As indicated above, structural biology is largely concerned with determining the 3D atomic structures of proteins, RNA, and DNA molecules, and then using these structures to study their biological properties and interactions. Each of these activities can be extremely time-consuming. Solving the 3D structure of even a single protein using X-ray crystallography or nuclear magnetic resonance (NMR) spectroscopy can often take many months or even years of effort. Even simulating the interaction between two proteins using a detailed atomistic molecular dynamics simulation can consume many thousands of CPU-hours. While most X-ray crystallographers, NMR spectroscopists, and molecular modelers often use conventional sequence and structure alignment tools to help propose initial structural models through the homology principle, they often study only individual structures or interactions at a time. Due to the difficulties outlined above, only relatively few research groups are able to solve the structures of large multi-component systems.

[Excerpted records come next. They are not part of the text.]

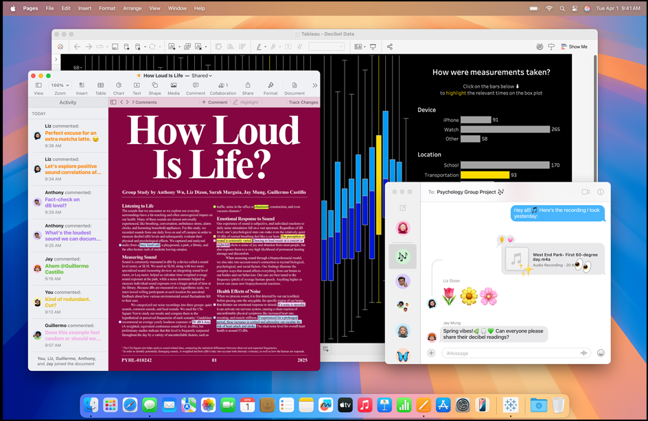 Multitasking en Pages, Tableau y Mensajes en Mac
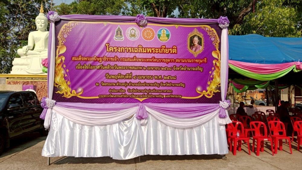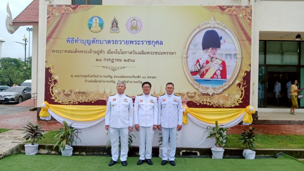 ถวายพระราชกุศล เนื่องในโอกาสวันเฉลิมพระชนมพรรษา 12 สิงหาคม 2568 ณ หอประชุมจังหวัดอำนาจเจริญ สวนเฉลิมพระเกียรติฯ 80 พรรษา อำเภอเมืองอำนาจเจริญ จังหวัดอำนาจเจริญ เพื่อแสดงออกถึงความจงรักภักดี น้อมรำลึกในพระมหากรุณาธิคุณของพระองค์ ที่ทรงปฏิบัติพระราชกรณียกิจนานัปการ เพื่อประโยชน์สุขของพสกนิกรชาวไทย
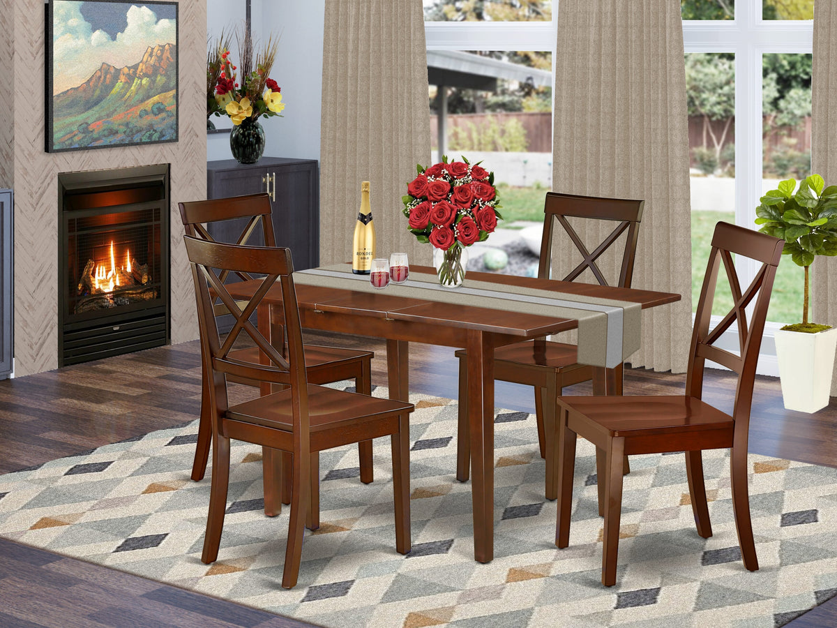 This superb dining set features a Mahogany color that enhances a number of various attractive themes. The smooth color of this kitchen table subtly demonstrates light to brighten up the living area and showcase the dining room tables, kitchen dining Chairs. The extendable leaf can be easily expanded making dining space for personal occasions or great parties. A single bevel edge and a rounded finish provide this dining room table fits into small kitchen space, Great for compact apartments. No heat treated pressured wood like MDF, particle board or veneer top was fabricated. Slender x back Dinette chairs present trendy and comfy Seating, with wood seats finished in a smooth Mahogany color which let you enjoy a nice and trendy dining experience. Made up of hardwood, the wooden chair is stable and offers a sturdy finish. The dining chairs add elegance and class to any place you have placed them. The frame of the dining chairs are engineered to offer a great amount of comfort to your spine and thus reduce the chances of back pain. The matching color of the chair with the table brings a good contrast in the kitchen area. The standard shape, size and design make the dining area significantly attractive. This contemporary, budget friendly, Durable and comfortable dining set can be a good choice if you are looking for a great dining time experience with family and friends.
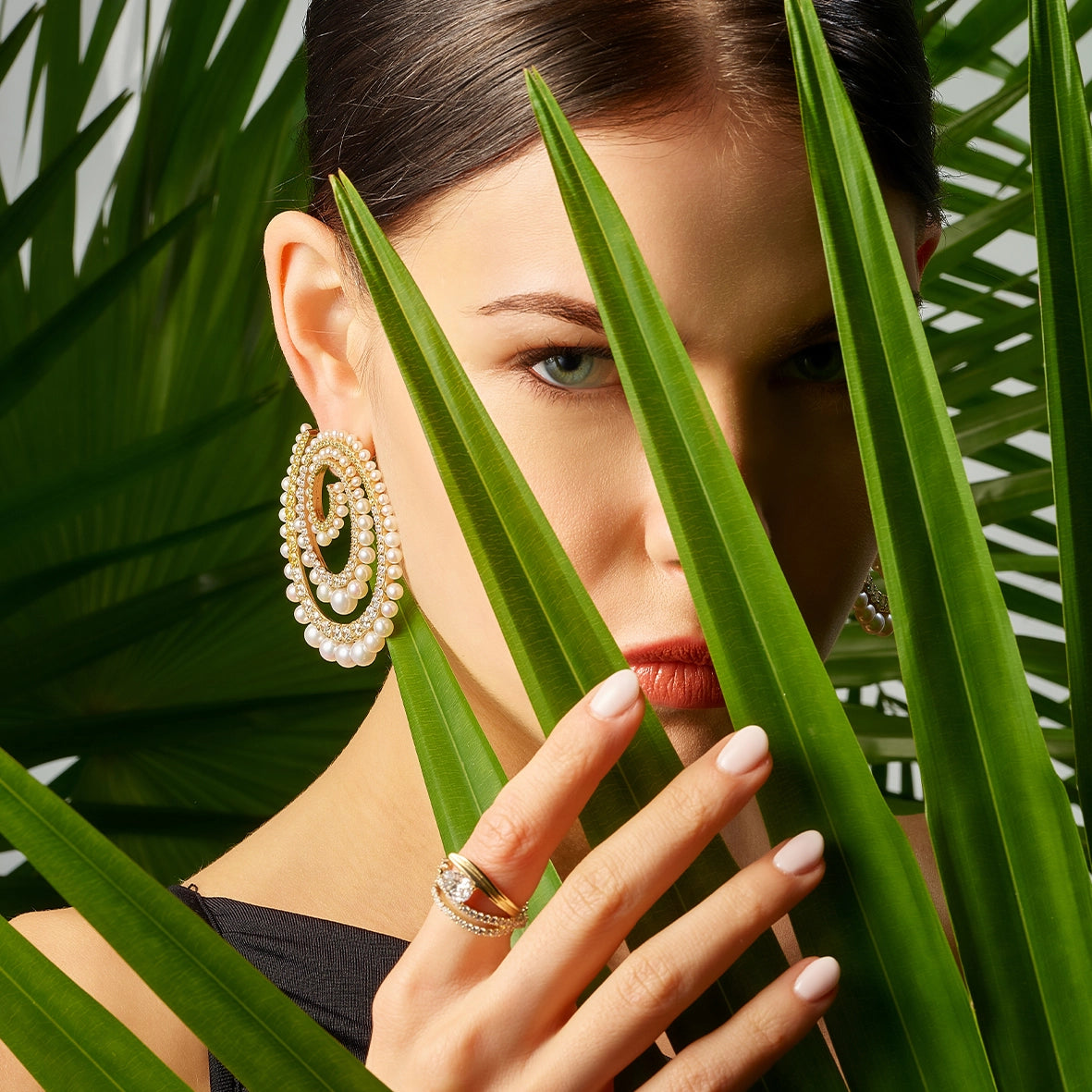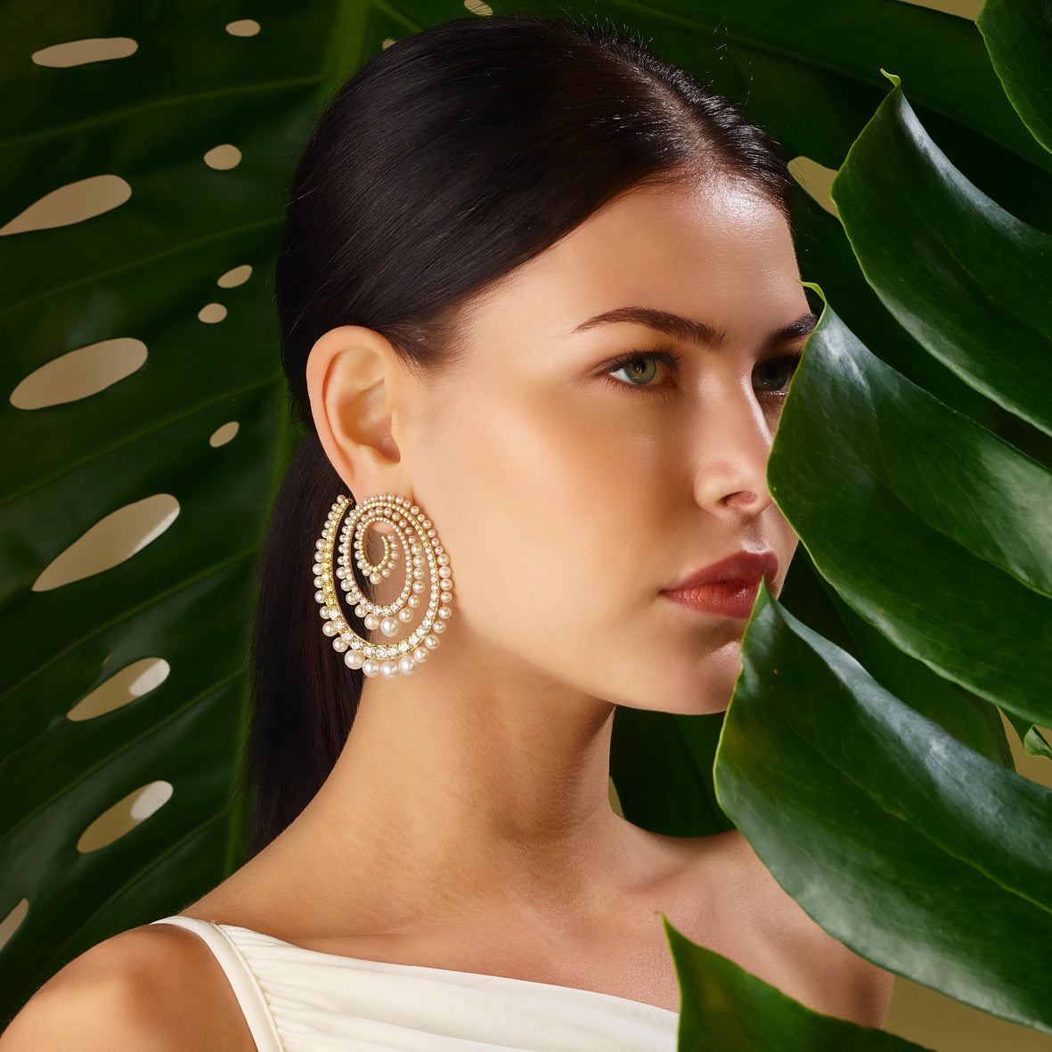 A dramatic pair of hoop earrings in 18k yellow gold vermeil with 14k gold earrings posts and butterfly backs, intricately hand-set with 110 laboratory-grown simulated white and canary diamonds and 152 graduating natural ivory freshwater pearls.

Similarly, most current algorithms for comparing protein structures, and especially those for modeling protein interactions, work only at the pair-wise level. Of course, such calculations may be accelerated considerably by using dynamic programming (DP) or fast Fourier transform (FFT) techniques. However, it remains extremely challenging to scale up these techniques to model multi-component systems. For example, the use of high performance computing (HPC) facilities may be used to accelerate arithmetically intensive shape-matching calculations, but this generally does not help solve the fundamentally combinatorial nature of many multi-component problems. It is therefore necessary to devise heuristic hybrid approaches which can be tailored to exploit various sources of domain knowledge. We therefore set ourselves the following main computational objectives:

  • classify and mine protein structures and protein-protein interactions,

  • develop multi-component assembly techniques for integrative structural biology.